→ Task prompt
Reprint all of the data below exactly as shown and skip every image.

→ Available data

##########

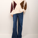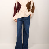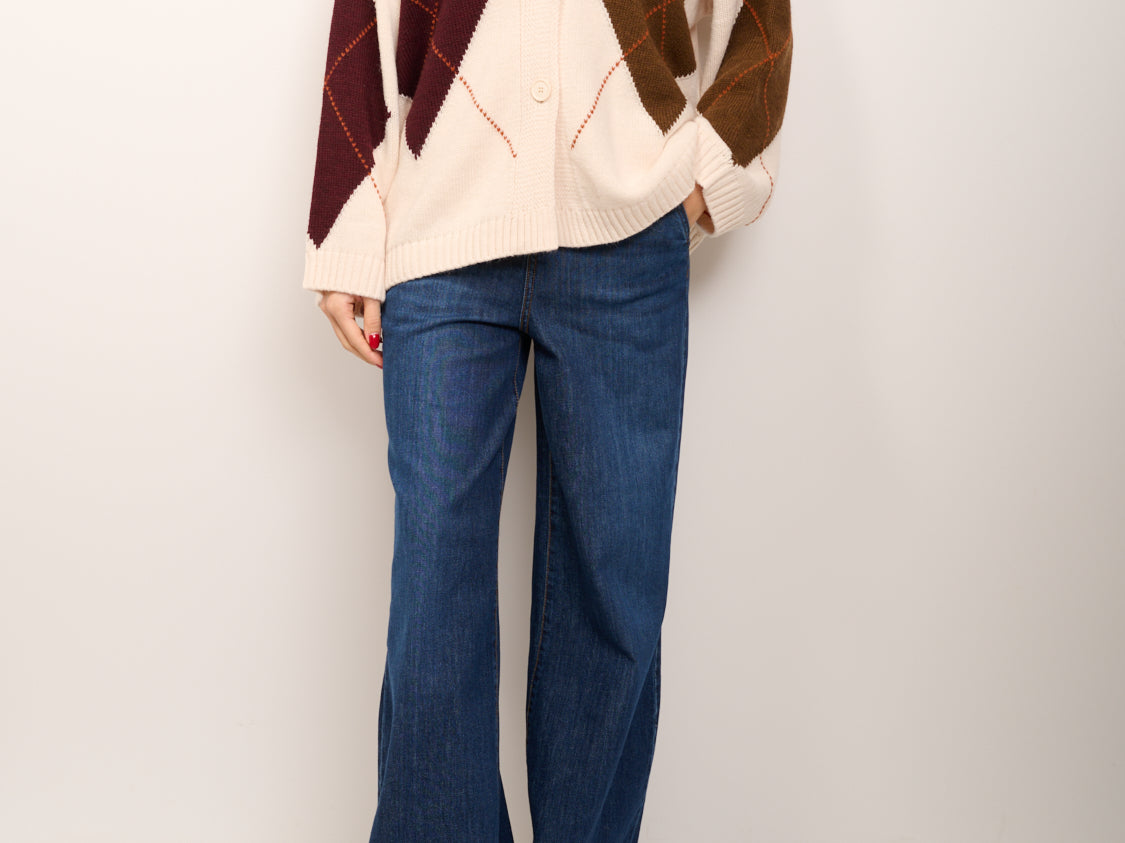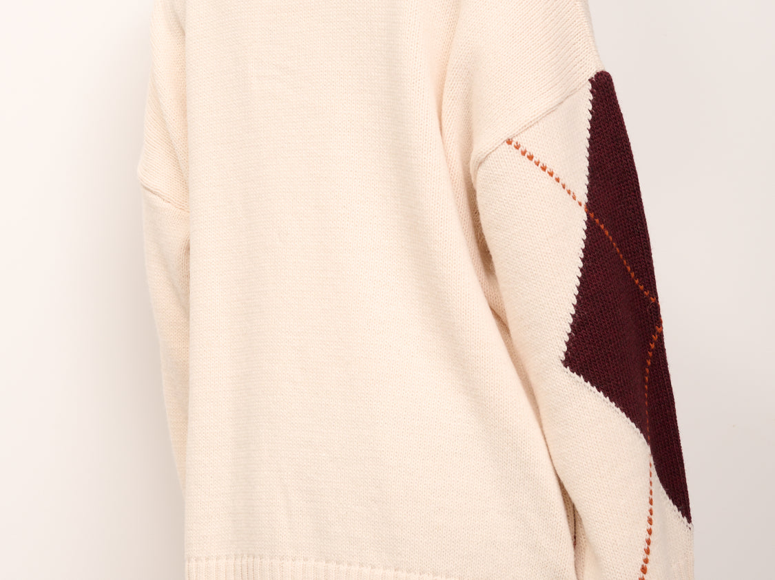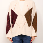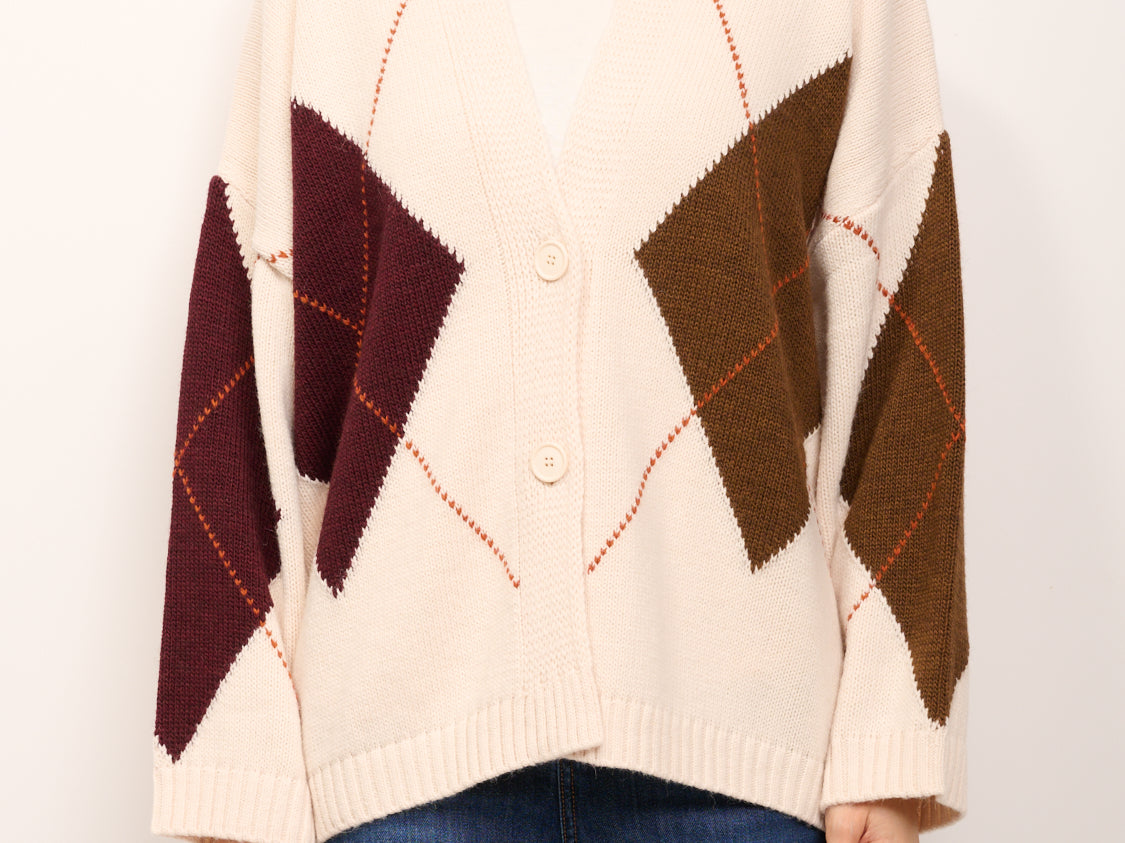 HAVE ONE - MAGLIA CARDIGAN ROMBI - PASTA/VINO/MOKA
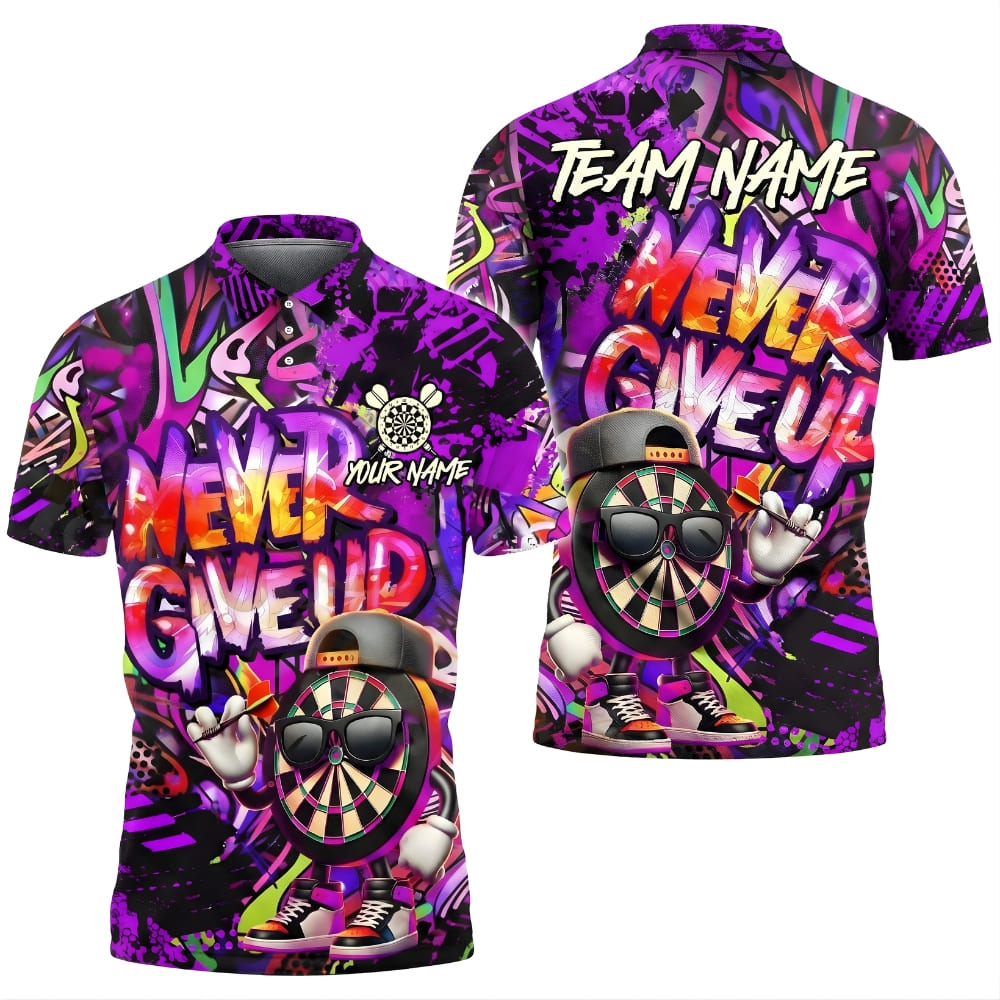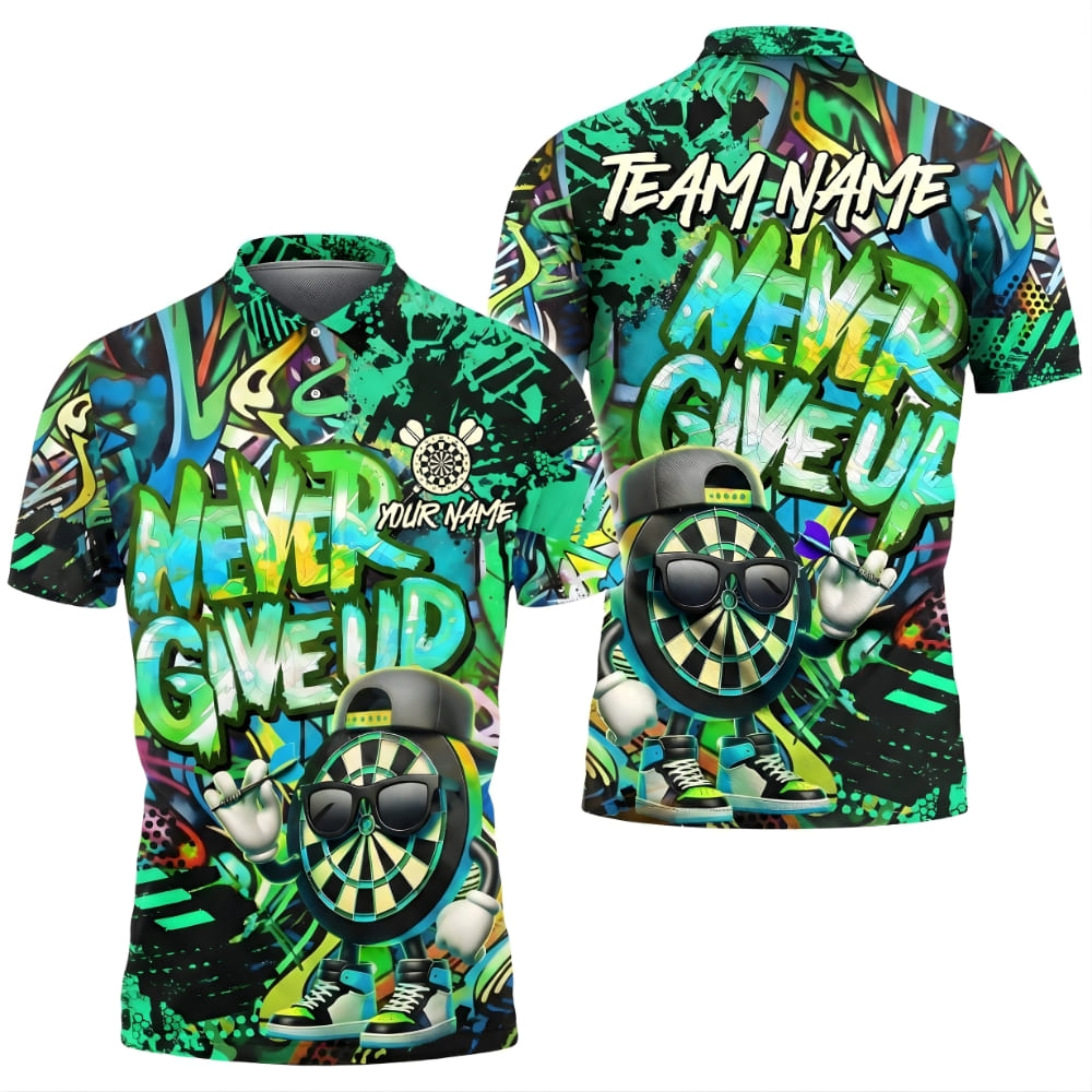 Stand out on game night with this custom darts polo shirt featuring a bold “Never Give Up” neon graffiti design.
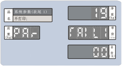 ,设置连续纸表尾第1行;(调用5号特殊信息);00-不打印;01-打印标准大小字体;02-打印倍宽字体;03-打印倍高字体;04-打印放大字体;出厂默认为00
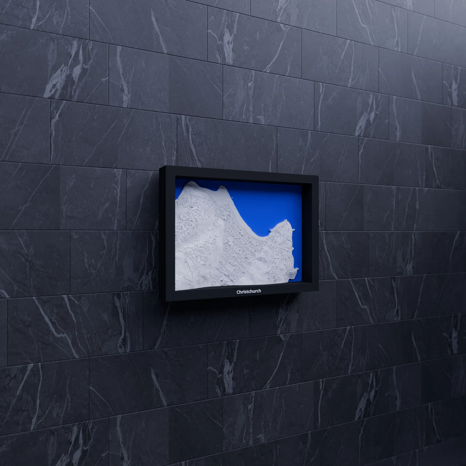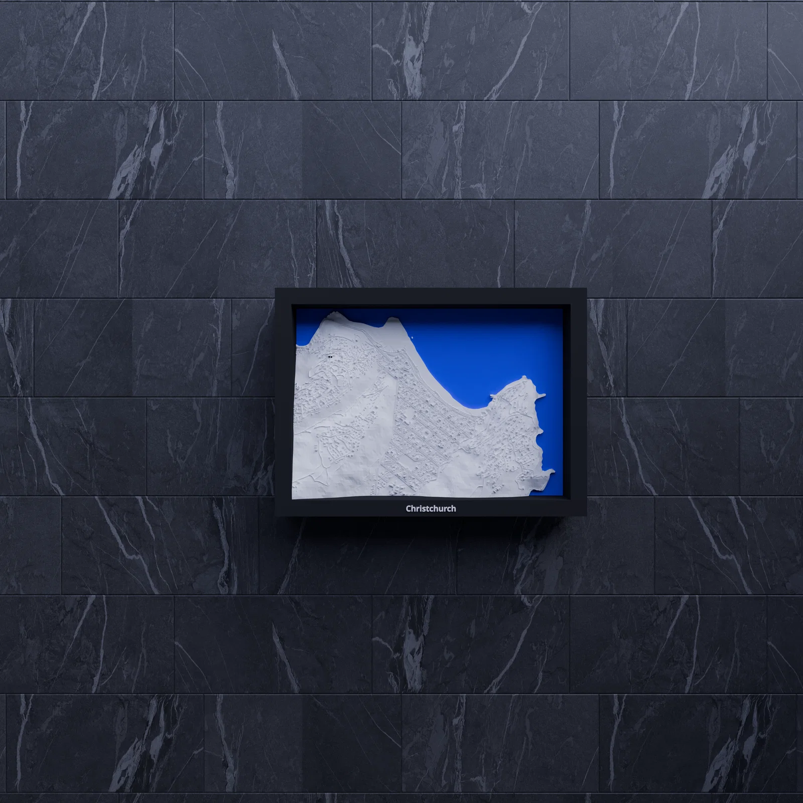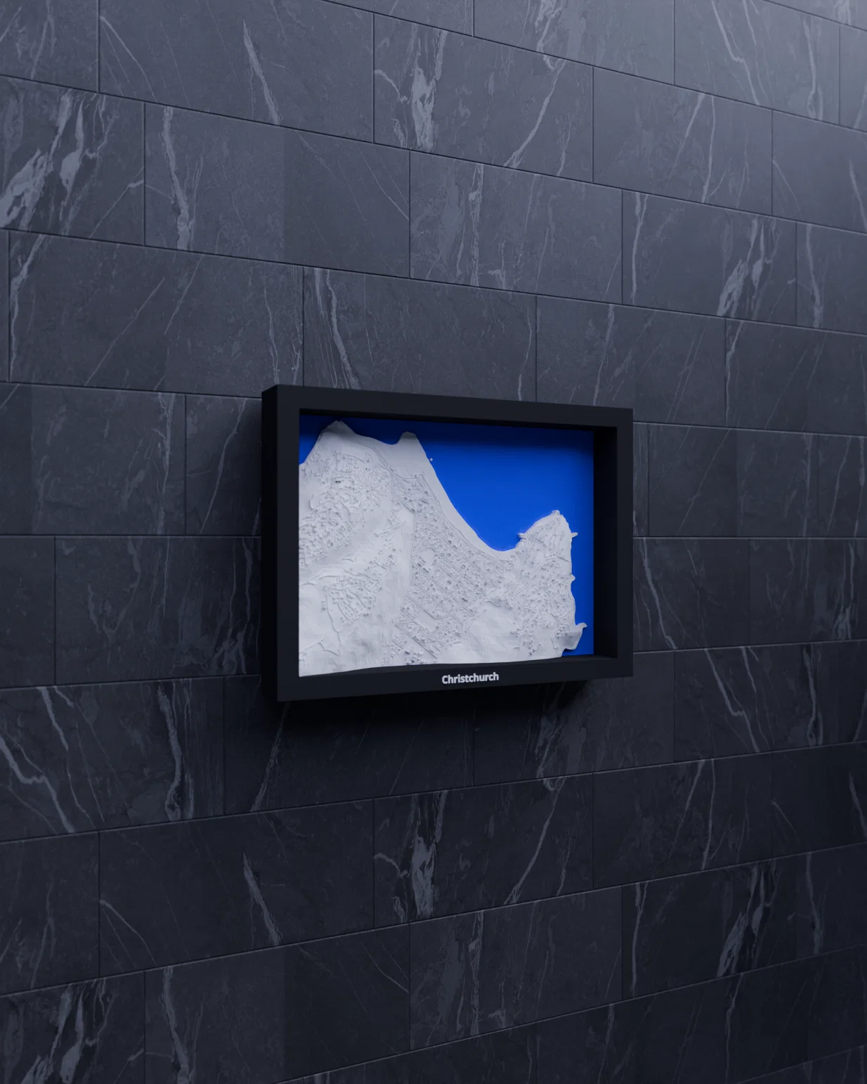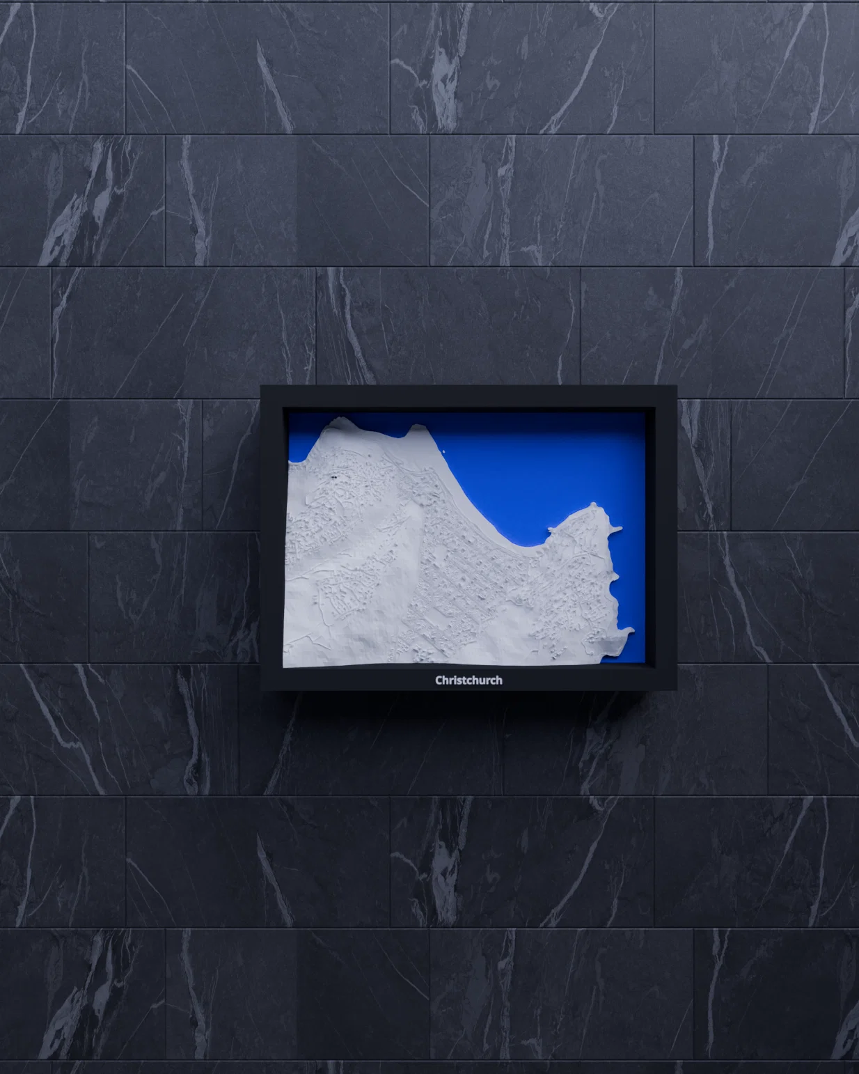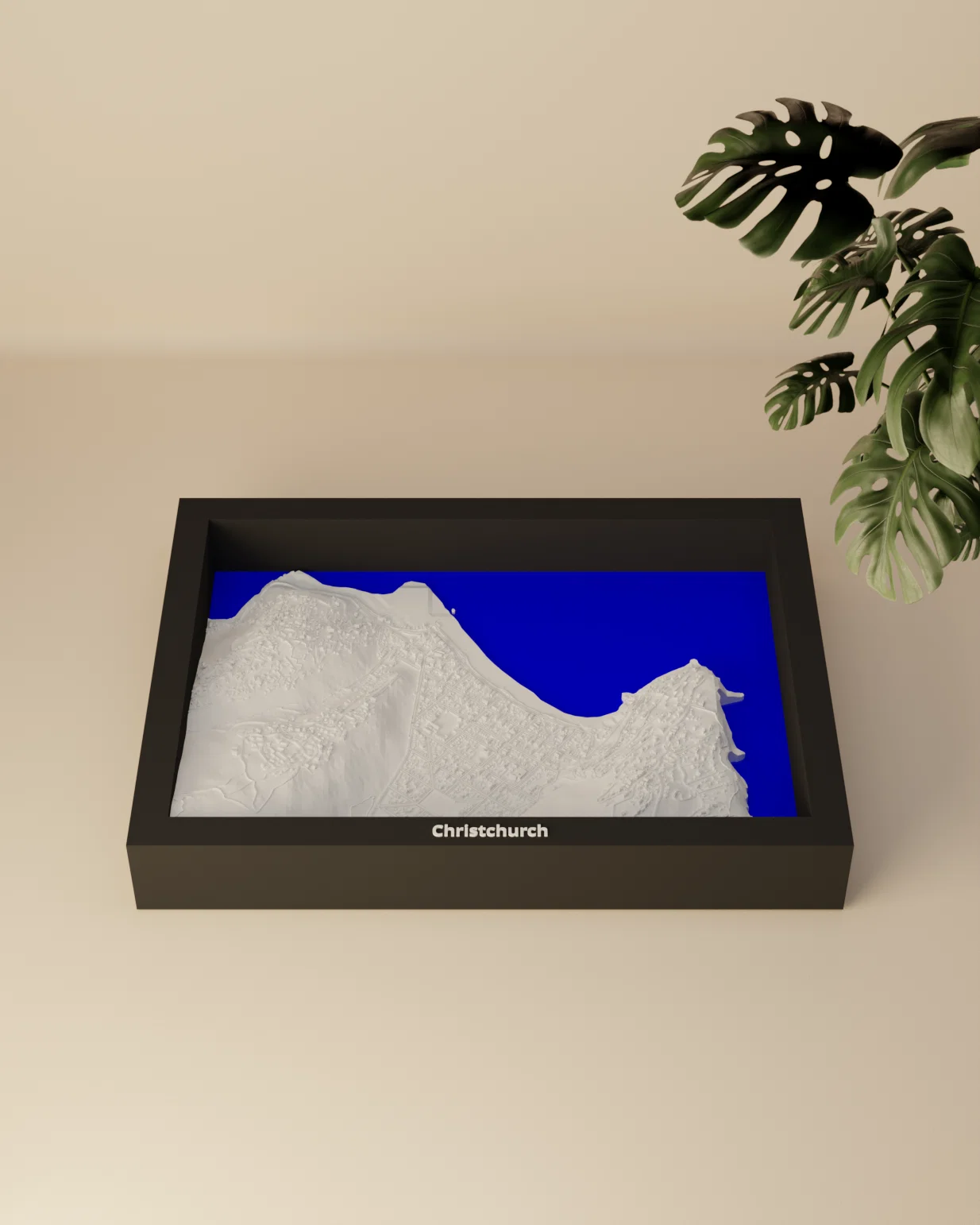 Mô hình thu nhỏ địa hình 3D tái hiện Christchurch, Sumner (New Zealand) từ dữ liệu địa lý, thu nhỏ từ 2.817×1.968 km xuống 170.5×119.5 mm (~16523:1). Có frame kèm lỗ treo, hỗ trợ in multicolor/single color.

##########

→ Written reply
 HAVE ONE - MAGLIA CARDIGAN ROMBI - PASTA/VINO/MOKA
 Stand out on game night with this custom darts polo shirt featuring a bold “Never Give Up” neon graffiti design.
 ,设置连续纸表尾第1行;(调用5号特殊信息);00-不打印;01-打印标准大小字体;02-打印倍宽字体;03-打印倍高字体;04-打印放大字体;出厂默认为00
 Mô hình thu nhỏ địa hình 3D tái hiện Christchurch, Sumner (New Zealand) từ dữ liệu địa lý, thu nhỏ từ 2.817×1.968 km xuống 170.5×119.5 mm (~16523:1). Có frame kèm lỗ treo, hỗ trợ in multicolor/single color.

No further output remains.